Hamilton Ikuti jejak Leclerc Sebelum Bergabung dengan Ferrari

Pertengahan musim Formula 1 di Silverstone bukan hanya soal perebutan poin, tetapi juga soal arah pengembangan tim ke depan. Di tengah tekanan hasil yang belum sepenuhnya stabil, Ferrari justru sedang menimbang sesuatu yang lebih besar: bagaimana membangun mobil yang bukan hanya cepat untuk hari ini, tetapi juga relevan untuk proyek 2026. Di titik inilah Lewis Hamilton mulai memberi warna pada arah kerja tim, sembari membawa pendekatan dan karakter balapnya sendiri ke dalam proses pengembangan Ferrari.

Ferrari Hadapi Pekerjaan Besar di Tengah Musim

Ferrari saat ini berada dalam fase yang rumit. Di satu sisi, tim harus terus mengejar hasil kompetitif di lintasan. Di sisi lain, mereka juga dituntut menyiapkan fondasi teknis untuk masa depan.

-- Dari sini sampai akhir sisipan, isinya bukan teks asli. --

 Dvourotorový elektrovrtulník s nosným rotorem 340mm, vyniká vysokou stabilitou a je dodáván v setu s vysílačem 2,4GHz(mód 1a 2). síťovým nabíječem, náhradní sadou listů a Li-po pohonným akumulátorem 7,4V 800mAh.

Masalah seperti power steering dan keseimbangan mobil masih menjadi pekerjaan rumah yang belum tuntas, dan hal itu ikut memengaruhi kenyamanan serta konsistensi performa SF-25.

Hamilton tidak sekadar datang sebagai pembalap, melainkan juga sebagai bagian dari proses pembentukan arah mobil. Ia mencoba menyesuaikan diri dengan karakter SF-25 sambil memberi masukan yang berasal dari pengalaman panjangnya di Formula 1. Pendekatan itu membuat Ferrari harus mencari titik temu antara preferensi pembalap dan kebutuhan teknis mobil secara keseluruhan.

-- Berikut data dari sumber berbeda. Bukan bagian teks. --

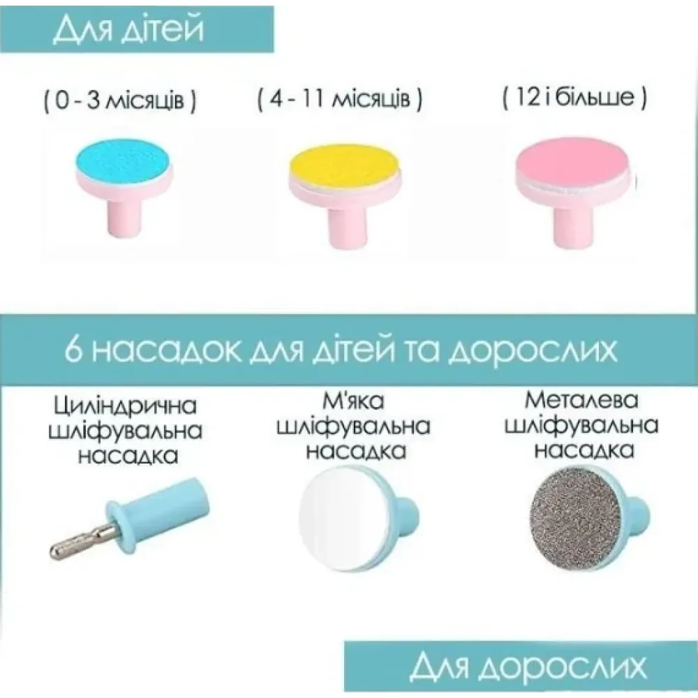 Детский триммер для ногтей 6 в 1 Маникюрный набор для детей и взрослых с насадками для шлифовки и полировки
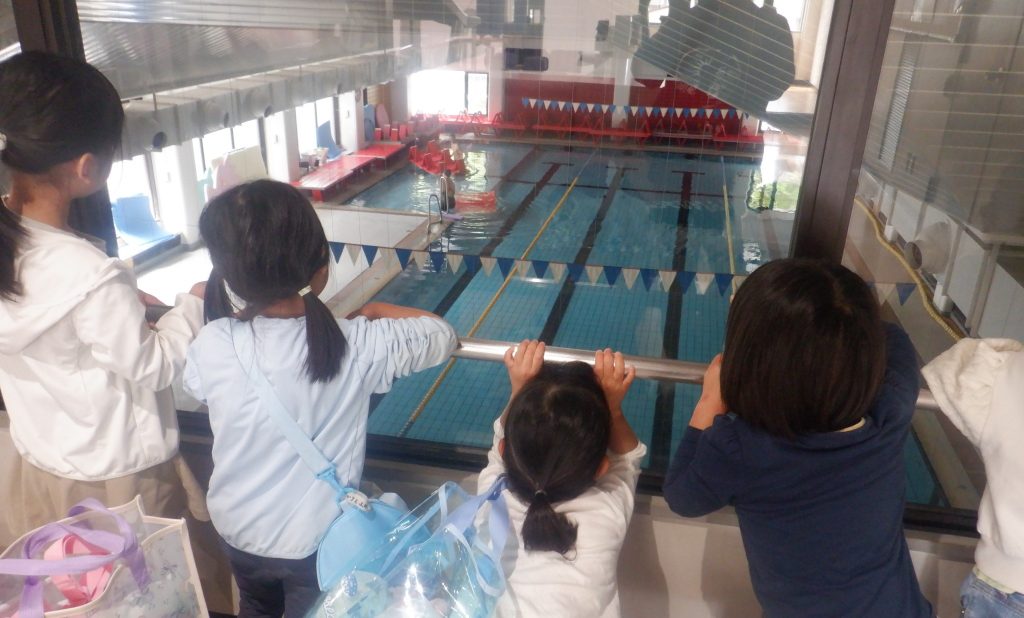 「おうちで水着に着替える練習してきたよ」「YMCAのプールに行ったことがあるから、行ったことがないお友だちに教えてあげるよ」とバスに乗った時からワクワクしていました。

Masukan Hamilton untuk Proyek 2026

Fokus Ferrari tidak berhenti pada perbaikan jangka pendek. Hamilton disebut ingin ikut memberi “DNA” pada proyek Ferrari 2026, sebuah sinyal bahwa ia ingin terlibat dalam membentuk mobil yang benar-benar cocok dengan gaya balapnya. Dalam proses seperti ini, setiap detail menjadi penting, mulai dari struktur mobil hingga bagaimana mobil merespons di tikungan cepat dan kondisi lintasan yang berbeda.

Tantangan terbesar Ferrari adalah menjaga agar mobil tetap kompetitif tanpa kehilangan karakter yang dibutuhkan pembalap. Ketika performa menurun di situasi tertentu, terutama soal kestabilan dan rasa percaya diri saat masuk tikungan cepat, tim harus segera membaca data dan masukan dari pembalap. Di sinilah peran Hamilton menjadi penting, karena pengalamannya bisa membantu mengarahkan pengembangan ke jalur yang lebih jelas.

Leclerc Juga Jadi Bagian dari Arah Pengembangan

Charles Leclerc tetap menjadi referensi penting dalam proses ini. Bersama Hamilton, ia membantu Ferrari memahami apa yang dibutuhkan mobil agar bisa lebih seimbang dan konsisten. Kolaborasi antara pembalap dan insinyur menjadi kunci, sebab pengembangan mobil Formula 1 tidak bisa hanya mengandalkan satu sudut pandang.

Bagi Ferrari, fase ini adalah soal membangun dasar yang kuat. Jika masukan dari Hamilton dan Leclerc bisa diterjemahkan dengan tepat, tim asal Maranello itu berpeluang membawa identitas baru ke mobil masa depan mereka. Silverstone menjadi pengingat bahwa di balik balapan yang berlangsung sekarang, ada proyek yang jauh lebih besar sedang disusun langkah demi langkah.

Artikel ini disusun ulang berdasarkan informasi dari sumber yang telah dipublikasikan sebelumnya.